Question: We all know the value of grading and sealing recognized cards from the major manufacturers but what is your thought on grading specialty cards of recognized stars that are not produced by major manufacturers? How does one even determine their collectible value if any?
SMR: That is a very good question. The first thing we need to determine is whether or not the card is licensed. Unfortunately, in the mid-to-late 1980's, an epidemic of sorts occurred in the hobby. Many unlicensed sportscards were being manufactured and flooding the floors at shows. As a youngster, I too fell victim to these cards. Many of them were actually better looking than the cards put out by the major manufacturers; that was part of their appeal. Soon thereafter, these cards were exposed as unlicensed issues and their value plummeted. If you are referring to cards of this nature, not only do they have little to no value; they are also cards that cannot be graded at this point in time by PSA. Second, even if the cards are licensed, we need to determine if they are valuable enough to grade. Most obscure issues like these are not highly valuable like modern cards found in food products, etc. On the other hand, some cards can be highly valuable, especially vintage issues. Wilson Franks, Dan Dee and Red Heart baseball issues are examples of very popular cards not produced by mainstream manufacturers. The key is to ask around at shows, card shops and the Internet. Again, with most modern issues, the values are fairly low but, occasionally, you might find a valuable prospect for grading. First, let's hope they're licensed.

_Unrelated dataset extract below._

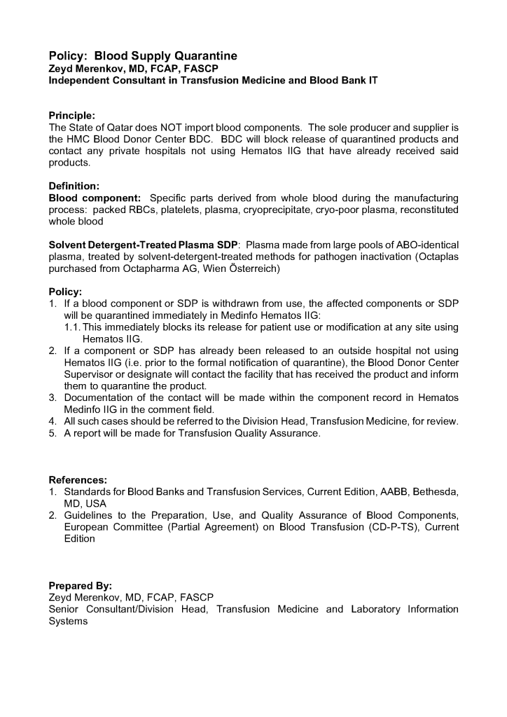 Administration / Blood Bank IT / Donor / Patient Policy: Blood Supply Quarantine Image18th Oct 20213rd Aug 2021 drzeyd Share this: Click to share on LinkedIn (Opens in new window) LinkedIn Click to share on X (Opens in new window) X Click to share on Facebook (Opens in new window) Facebook Like Loading... Related

Fleer versus Topps versus Upper Deck... ...
Question: I am just getting involved with card trading and one question has continued to escape my understanding. I know that cards that are graded higher (a PSA 10) are worth more than let's say a PSA 8. What I don't understand is why a card is more valuable than another card if they were both made in the same year and feature the same player. The only difference is the card manufacturer. Why is there a difference?
SMR: Card valuation is a product of many different factors, not just player, year and grade. Here's a brief list of factors to consider: Popularity of the issue, rarity of the issue, condition sensitivity of the issue and visual appeal of the issue. All of the factors you mentioned are important but there's much more to it. For example, a Ted Williams rookie card (1939 Play Ball) is great but his 1941 Play Ball card is actually worth more in NM-MT because it looks nice (colorful) and it's considered a tougher card overall.
Was Mickey a Tiger?
Question: My son has a 1968 or 1969 Detroit Tigers baseball. Some of the signatures are Al Kaline, Willie Horton and Mickey Mantle. It looks like the whole team signed the ball and we know that his grandfather was at the World Series in 1968. How can we determine a time frame or value for this piece? Also, we have the ball in a plastic case, is this the best way to preserve it?
SMR: The Yanks did not play the Tigers in 1968 or 1969 so I am trying to figure out why Mantle would be there (maybe part of the pre-game ceremonies, etc.). If it is a 1968 Tigers team ball, it might be worth a significant amount of money (maybe $750-$1,500 depending on condition of the ball and signatures, etc.). The best way to find out is to do more research within your family and to look up the team roster for those years. Maybe, you can match the signatures (assuming they are legible) to the roster. The more research, the better. As far as preservation goes, a plastic case is a good start but make sure it is UV coated and you must keep the ball away from direct light in a cool place. Direct sunlight will fade the signatures even if the ball is placed in plastic. The UV coating will help prevent fading but keeping it stored is the key. You can display it, just make sure the lighting isn't too strong.